Task data:

((

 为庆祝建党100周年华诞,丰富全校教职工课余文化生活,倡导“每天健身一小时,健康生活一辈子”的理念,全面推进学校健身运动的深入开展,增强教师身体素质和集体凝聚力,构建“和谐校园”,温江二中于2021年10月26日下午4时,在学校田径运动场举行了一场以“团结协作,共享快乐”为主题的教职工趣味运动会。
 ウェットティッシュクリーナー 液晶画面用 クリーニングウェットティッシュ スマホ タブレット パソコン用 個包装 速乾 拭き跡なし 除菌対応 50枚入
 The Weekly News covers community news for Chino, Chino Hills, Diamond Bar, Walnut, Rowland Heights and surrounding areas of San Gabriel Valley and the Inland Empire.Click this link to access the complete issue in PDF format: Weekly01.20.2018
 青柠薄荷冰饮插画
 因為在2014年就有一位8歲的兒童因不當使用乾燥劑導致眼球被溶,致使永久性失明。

))
((

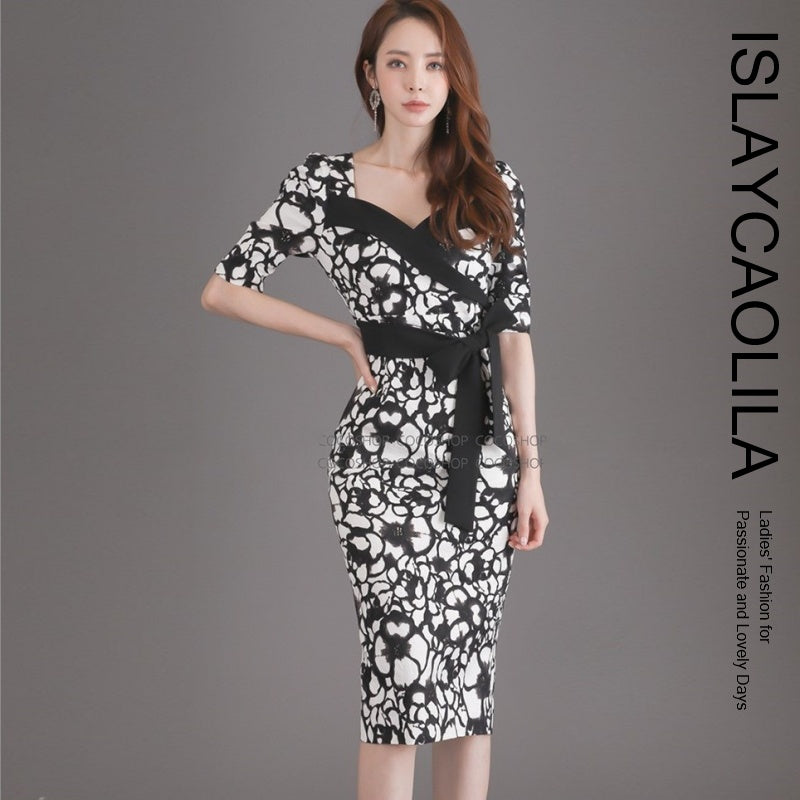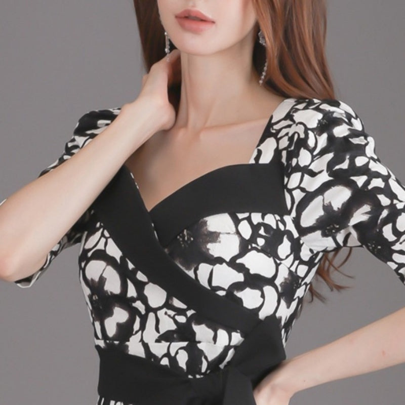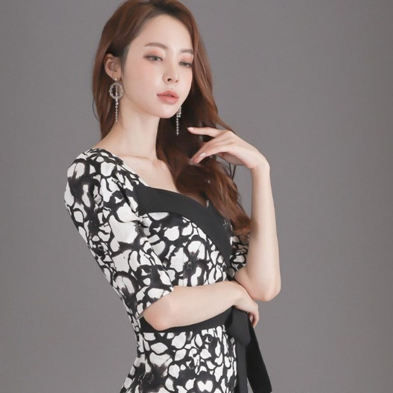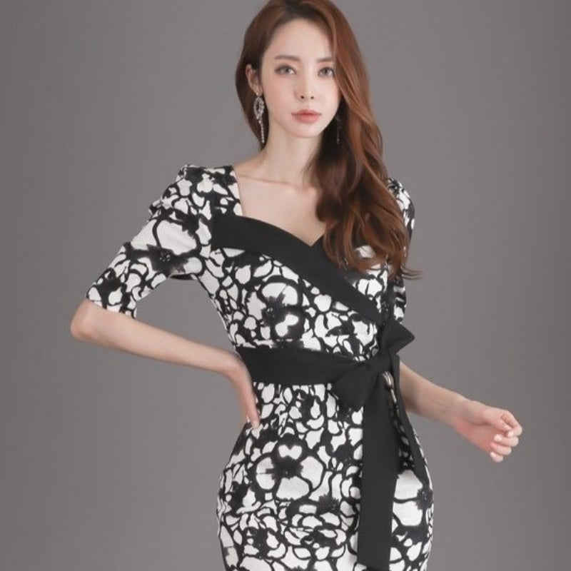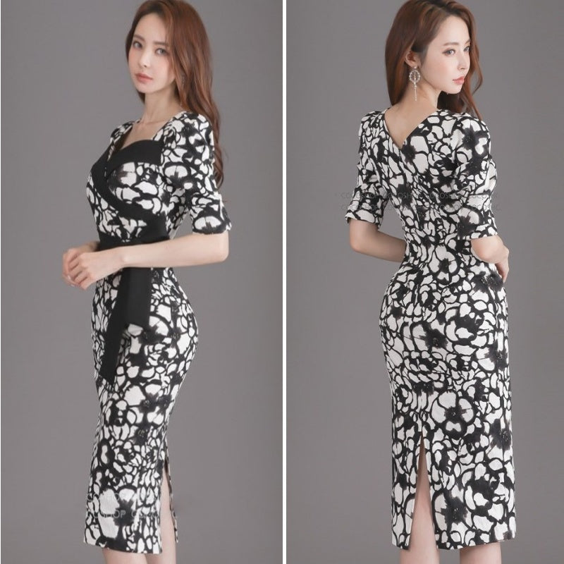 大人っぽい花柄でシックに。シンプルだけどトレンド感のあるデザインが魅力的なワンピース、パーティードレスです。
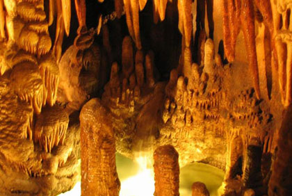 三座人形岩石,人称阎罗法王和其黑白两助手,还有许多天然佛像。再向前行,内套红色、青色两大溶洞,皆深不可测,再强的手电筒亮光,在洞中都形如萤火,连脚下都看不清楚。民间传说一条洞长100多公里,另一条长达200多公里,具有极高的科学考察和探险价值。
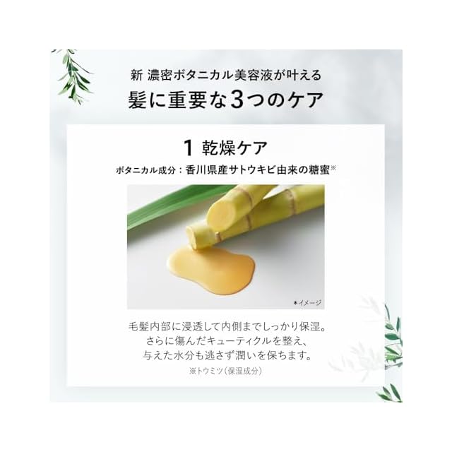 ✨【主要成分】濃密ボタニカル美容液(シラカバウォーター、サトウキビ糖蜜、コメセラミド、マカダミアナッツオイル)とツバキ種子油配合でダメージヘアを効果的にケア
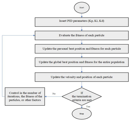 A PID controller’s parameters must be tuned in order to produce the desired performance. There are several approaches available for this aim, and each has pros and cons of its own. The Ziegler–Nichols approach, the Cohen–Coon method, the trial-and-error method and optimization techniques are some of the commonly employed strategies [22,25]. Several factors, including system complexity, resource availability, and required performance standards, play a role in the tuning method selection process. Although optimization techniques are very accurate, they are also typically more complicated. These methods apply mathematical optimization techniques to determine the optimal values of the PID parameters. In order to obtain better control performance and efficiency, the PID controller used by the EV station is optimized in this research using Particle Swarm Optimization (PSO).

))

What you need to do:
Using only the entries above, output the line with "ウェットティッシュクリーナー 液晶画面用 クリーニングウェットティッシュ", the line with "因為在2014年就有一位8歲", and all lines between them, exactly as they stand.

Written response:
 ウェットティッシュクリーナー 液晶画面用 クリーニングウェットティッシュ スマホ タブレット パソコン用 個包装 速乾 拭き跡なし 除菌対応 50枚入
 The Weekly News covers community news for Chino, Chino Hills, Diamond Bar, Walnut, Rowland Heights and surrounding areas of San Gabriel Valley and the Inland Empire.Click this link to access the complete issue in PDF format: Weekly01.20.2018
 青柠薄荷冰饮插画
 因為在2014年就有一位8歲的兒童因不當使用乾燥劑導致眼球被溶,致使永久性失明。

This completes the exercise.